IRB Infrastructure Developers Limited engages in the infrastructure development business in India. It operates in two segments, Built, Operate and Transfer/Toll Operate and Transfer; and Construction. The company develops roads and operates and maintains roadways. It also provides real estate, hospitality, and airport development services, as well as operates as an investment manager. The company was incorporated in 1998 and is based in Mumbai, India.
Revenue projections:
Revenue projections for IRB With IRB Infrastructure Developers Limited's revenue expected to be lower than the previous year, investors may become cautious. Declining revenues often negatively impact the bottom line, reducing profitability and raising concerns among investors about the company's ability to maintain strong financial performance moving forward.
Financial Ratios:
currentRatio
1.577000
forwardPE
19.521906
debtToEquity
103.898000
earningsGrowth
0.141000
revenueGrowth
-0.106000
grossMargins
0.561970
operatingMargins
0.219770
trailingEps
10.730000
forwardEps
1.900000
The current ratio for IRB is 1.577, indicating that the company can service its short-term debt using available cash and assets. This suggests IRB has strong liquidity, with more than enough resources to meet its immediate financial commitments. IRB Infrastructure Developers Limited's Forward PE being in a good range indicates the stock is priced well relative to its earnings. It is not overvalued, leaving space for future growth, making it an appealing option for investors interested in long-term value appreciation. IRB's high debt-to-equity ratio indicates the company is using significant leverage, relying more on debt to finance its operations. This can lead to higher risk, especially if profitability falters or economic conditions worsen. IRB's low earnings and revenue growth suggest shrinking profits are likely. This could reflect broader financial struggles, signaling that the company might face difficulties in sustaining its profitability. IRB's positive gross and operating margins indicate a profitable and efficient business model. These metrics highlight the company's ability to generate income while controlling operational costs, reflecting strong financial performance. IRB's forward EPS being lower than its trailing EPS suggests the company is expected to see reduced profitability in the current financial year compared to the previous one. This signals a potential decline in earnings, raising concerns about future financial performance.
Price projections:
Price projections for IRB Over time, IRB Infrastructure Developers Limited's price projections have consistently been revised lower. This downward shift suggests analysts are becoming more cautious about the company's future, possibly due to emerging risks or challenges.

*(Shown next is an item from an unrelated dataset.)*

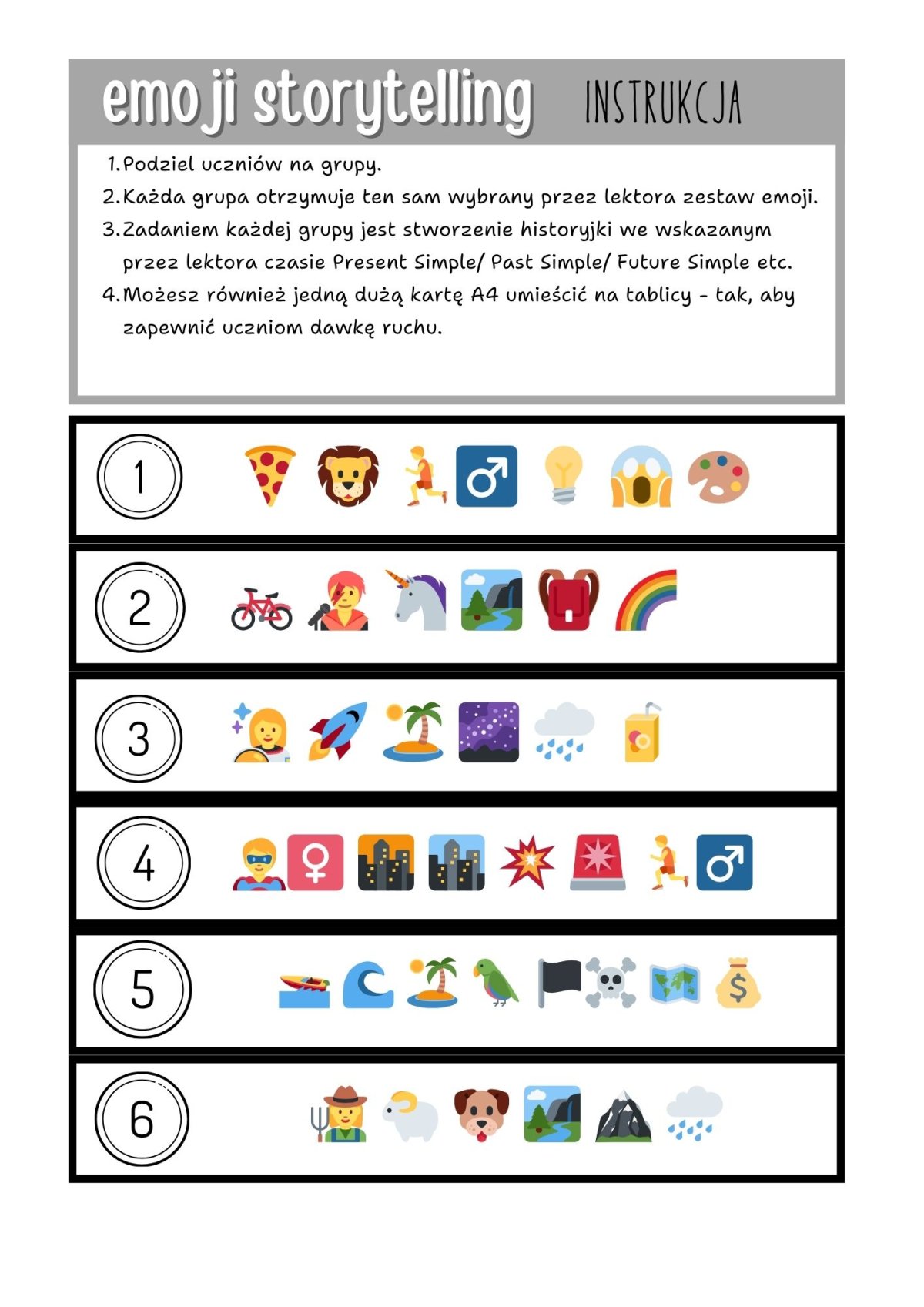 instrukcja + 15 kart A4 z emoji - wieszasz jeden zestaw na tablicy a zadaniem uczniów jest utworzenie historyjki wyznaczonym przez Ciebie czasie.
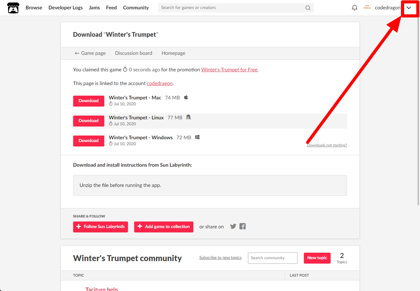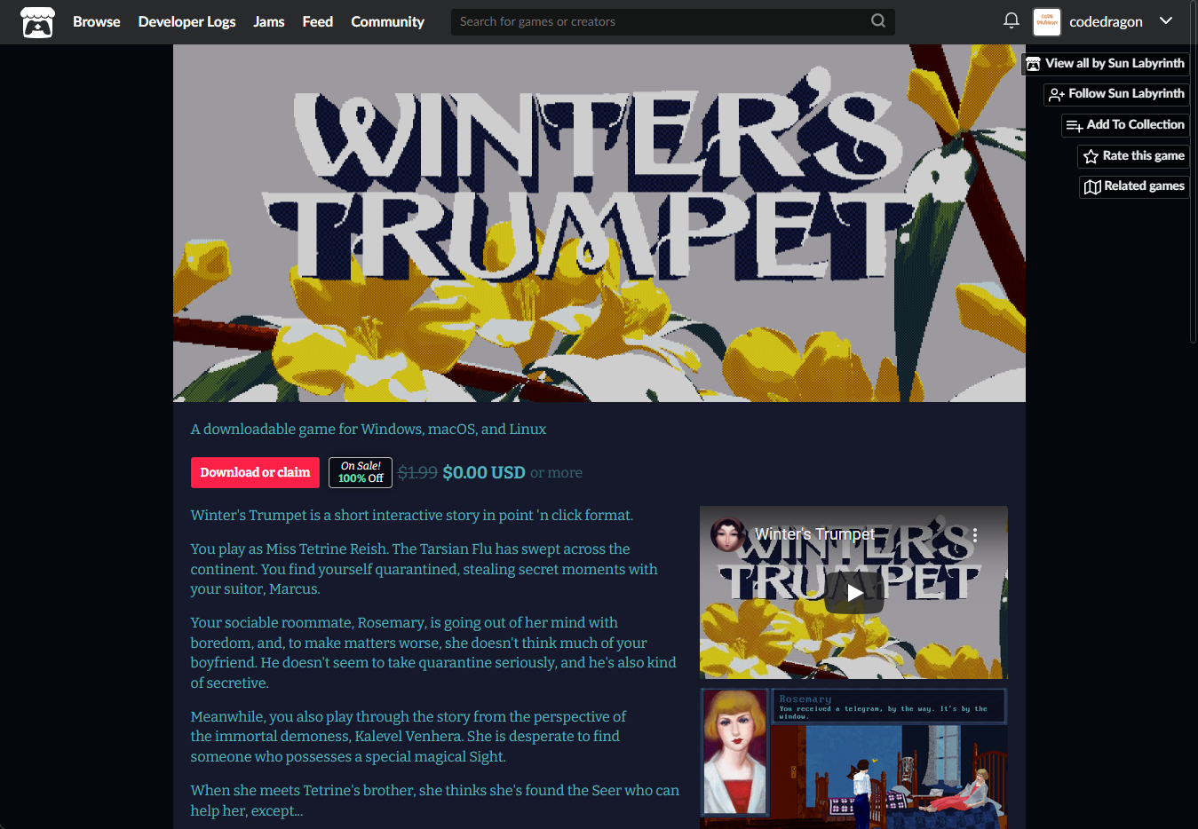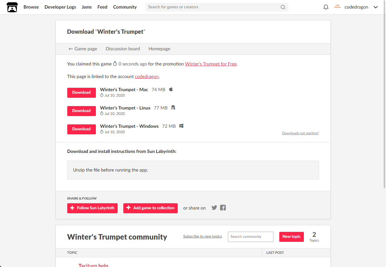 "Winter's Trumpet" 페이지에 있는 [Download or claim]을 클릭합니다.

Recommendation changes over time:
Recommendations trend for IRB
Analysts are favoring IRB with a buy bias, highlighting the stock's potential as a solid investment. This recommendation might drive more investors to consider IRB as a secure and profitable option for their money, contributing to a broader positive sentiment in the market.
DISCLAIMER: We provide information and our musings based on events, but nothing on this site can be considered professional advice of any kind.